Nearby in the Second Congregational Church, Gloria Matlock and volunteer tutors work with up to 20 children, to augment their chances to thrive as they grow in the innovative Twice As Smart program founded by Matlock in 2018. Her lofty four-fold mission is to:
Some Twice As Smart students are immigrants and many live in public housing.
This model of holistic education is clearing the students’ obstacle-laden path to higher education, jobs and a deep sense of self, a cause to which artist, musician, and former teacher Gloria Matlock has committed her life.

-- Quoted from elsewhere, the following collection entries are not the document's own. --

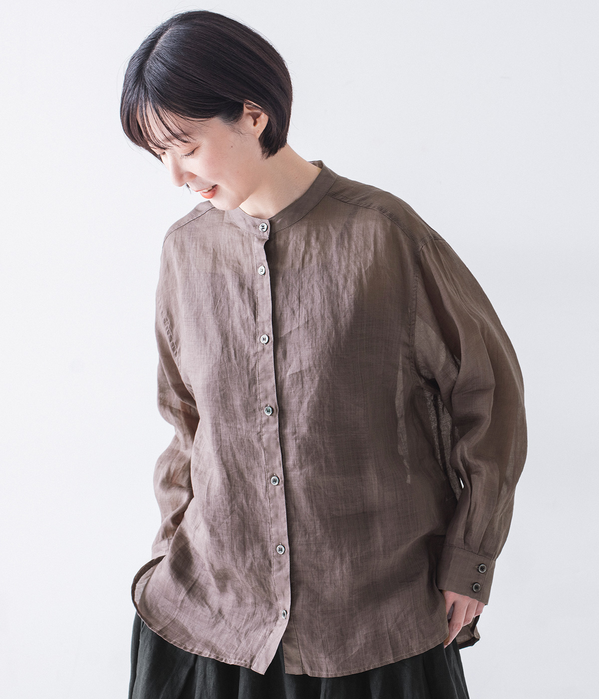 シアーリネンバンドカラーブラウスの着用コーディネート
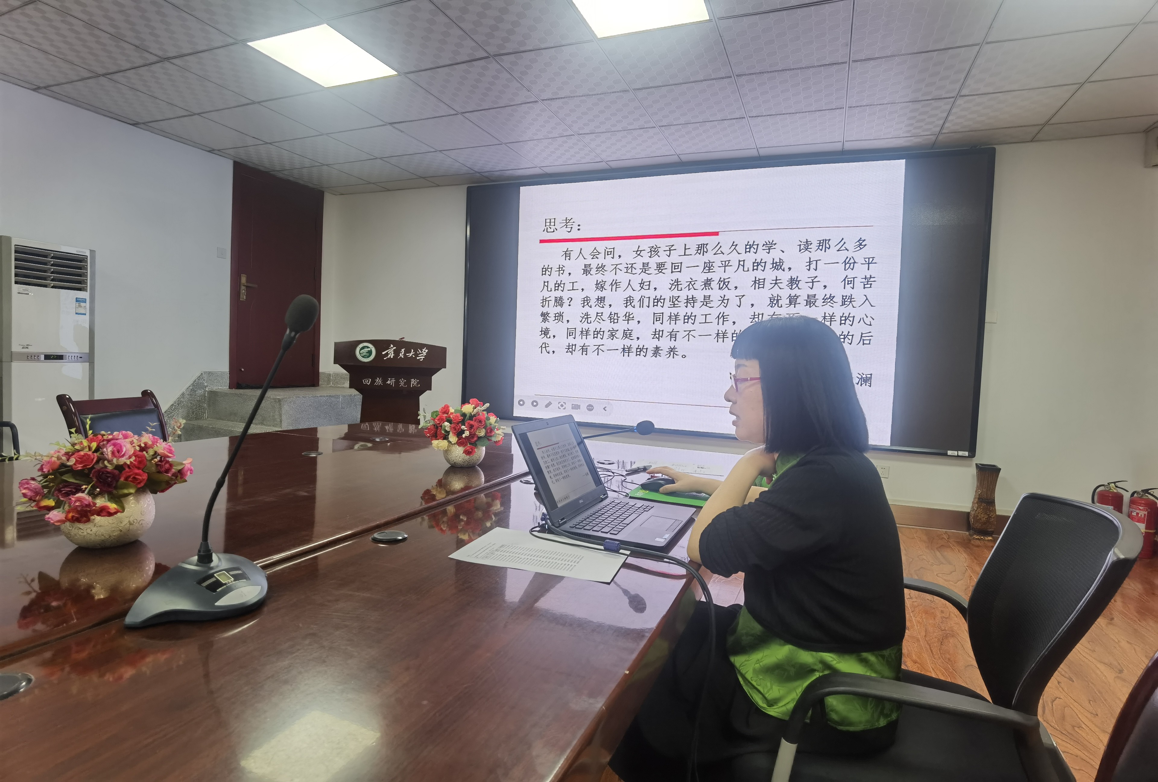 为助力学生明晰学业规划,提升考研保研竞争力,5月22日下午,2024级英语师范一班在逸夫楼307会议室开展了题为“让生命开出更美的花”的主题班会。会议由班主任文莉老师主持,学院副院长胡笑瑛教授担任主讲嘉宾,2024级英语师范一班全体同学参加会议。
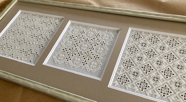 3種類それぞれ刺したものを1つのフレームに窓を開けて納めてみました。
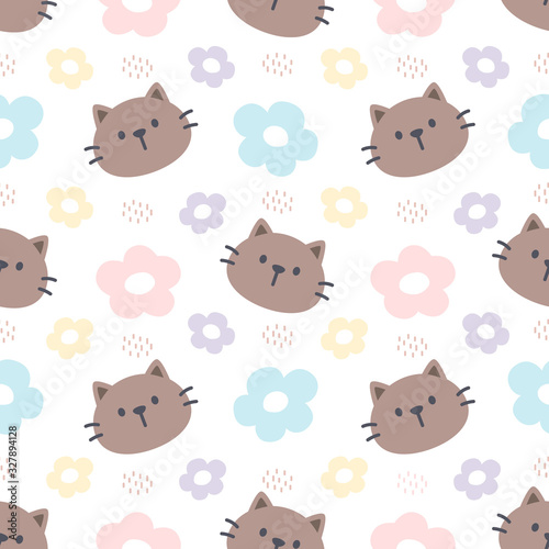 Obraz premium Cat and flowers seamless pattern background
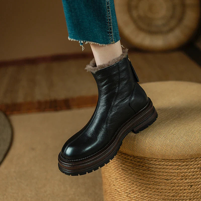 Solenne Genuine Leather Boots – Winter Luxe Comfort

Are these programs using charity to remedy social injustice, as some might claim? Jane Addams would disagree. In 1892, this eminent social reformer explained that Hull House, her settlement house in a poor precinct of Chicago, was not a charity. Its purpose — and, for Addams, a central obligation of being a citizen — was to help America’s less fortunate make the most of themselves. “To call this effort [charity]…is to underestimate the duties of good citizenship.”
I would add that, with one-half of Americans either poor or a medical emergency away from economic ruin, these programs in our midst and the thousands like them across our country are beacons of civilization in a nation that pumps the world full of military weapons, while its soul empties from within.